Training: Fine-tuned using cross-entropy loss with AdamW optimizer and early stopping.
Preprocessing: Includes Hindi-specific steps—stop-word removal, stemming, and tokenization.
Performance: Achieves fast, accurate results even on CPU, with <2 GB memory usage during training.

DistilBERT strikes a balance between speed and accuracy, making it well-suited for a public-facing Hindi fake news detector.

Language:

Python

Features

Multilingual Support: Built to handle Hindi language articles.
Efficient Performance: DistilBERT model provides fast and accurate results with reduced computational load.
Custom Hindi Pre-processing: Includes steps like Hindi stop-word removal, stemming, and tokenization.

🛠️How to Use:

Step 1: Download the Dataset

Go to the dataset
Download the dataset and store it in the dataset directory of the project.

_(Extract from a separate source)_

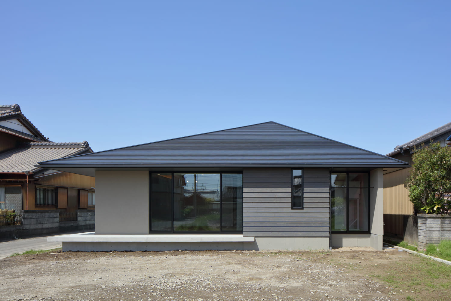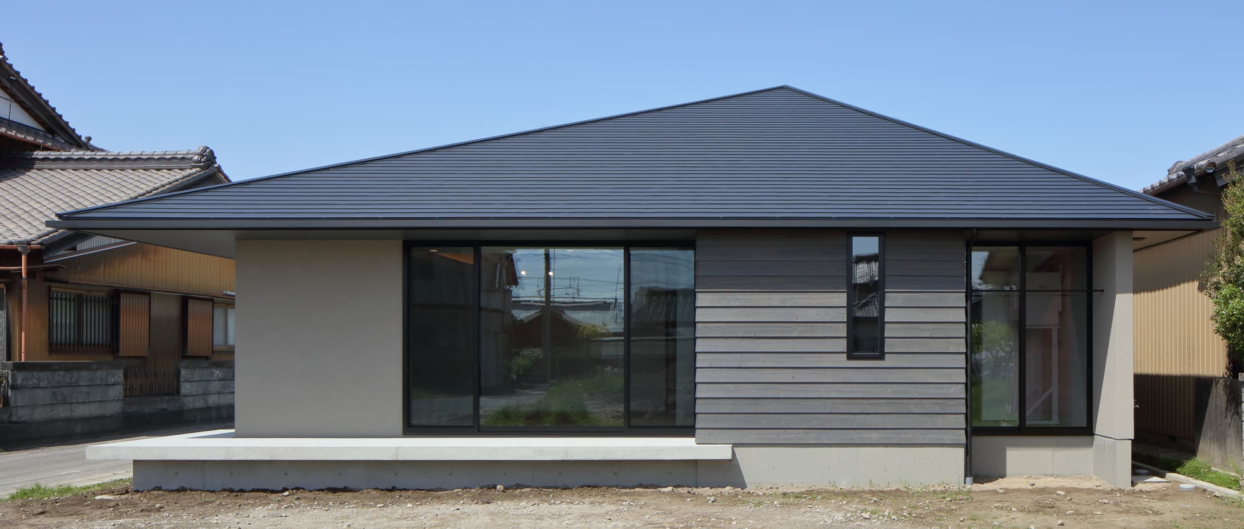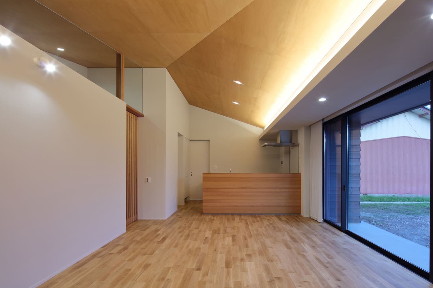 一見すると、大地に根差したような、穏やかで落ち着いた佇まいの平屋。しかし、その扉を開けると、まるで建築家が折り紙を折ったかのような、ダイナミックで美しい木の天井が広がる、驚きの空間が待っています。

Step 2: Install Required Dependencies

Install the necessary dependencies:
```
pip install -r requirements.txt
```

Make sure you have Python installed and a virtual environment activated to avoid dependency issues.

Step 3: Run the Model

To start the fake news detection model, run the script.py file and train the model (if not already).
To run the model on terminal:
```
python script.py
```
To run it on a browser using streamlit (UI):
```
streamlit run main.py
```

Implementation/Output:

Run the file:

Figure 3. UI built on Streamlit showing the Homepage.

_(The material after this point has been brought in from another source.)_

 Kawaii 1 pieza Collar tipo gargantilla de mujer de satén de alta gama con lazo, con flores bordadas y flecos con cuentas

Enter the news article from testing split:

Figure 4. Snapshot of the dataset.

Fake or Legit?:

Figure 5. User Interface showing output as Fake News
Figure 5 shows the User Interface with the output classified as Fake News. Once the user submits a news article, the system analyzes and determines it as potentially misleading or false. This output allows users to identify and avoid spreading unverified or deceptive content.

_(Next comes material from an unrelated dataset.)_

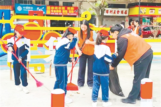 江门日报讯 (文/图 记者/敖转优) 日前,开平市长沙街道侨园路小学组织开展“大手小手齐动手,共建共享美家园”主题志愿服务活动。师生代表与家长志愿者约30人以实际行动践行雷锋精神,让学生感悟劳动价值。
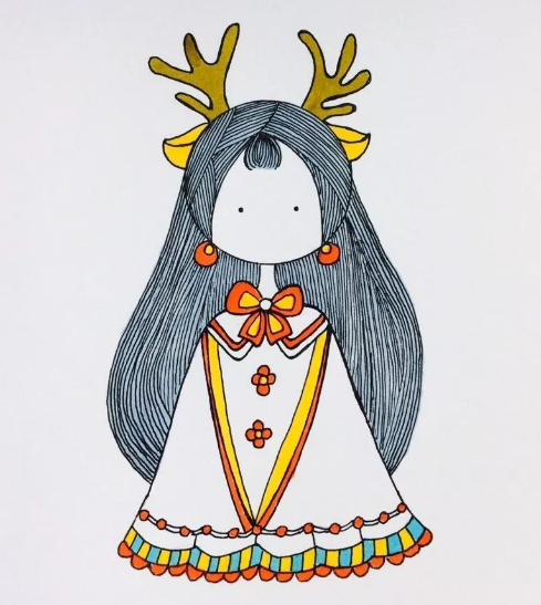 麋鹿少女卡通简笔画

Figure 6. User Interface showing output as Real News
Figure 6. demonstrates the User Interface of the Hindi Fake News Detection System displaying the output as Real News. After the user inputs a news article, the system processes and classifies it, indicating that the content is likely credible. The interface provides a clear result, helping users verify the authenticity of the article.

Conclusion

VeriNews addresses the critical challenge of detecting fake news in Hindi—an underserved area in the misinformation landscape. By combining the efficiency of DistilBERT with Hindi-specific preprocessing and an accessible interface, the system offers both technical rigor and practical usability. Whether used by journalists, researchers, or everyday readers, VeriNews empowers users to verify the credibility of Hindi news headlines quickly and reliably.

Future enhancements could include multilingual expansion, and integration with real-time news sources for live detection.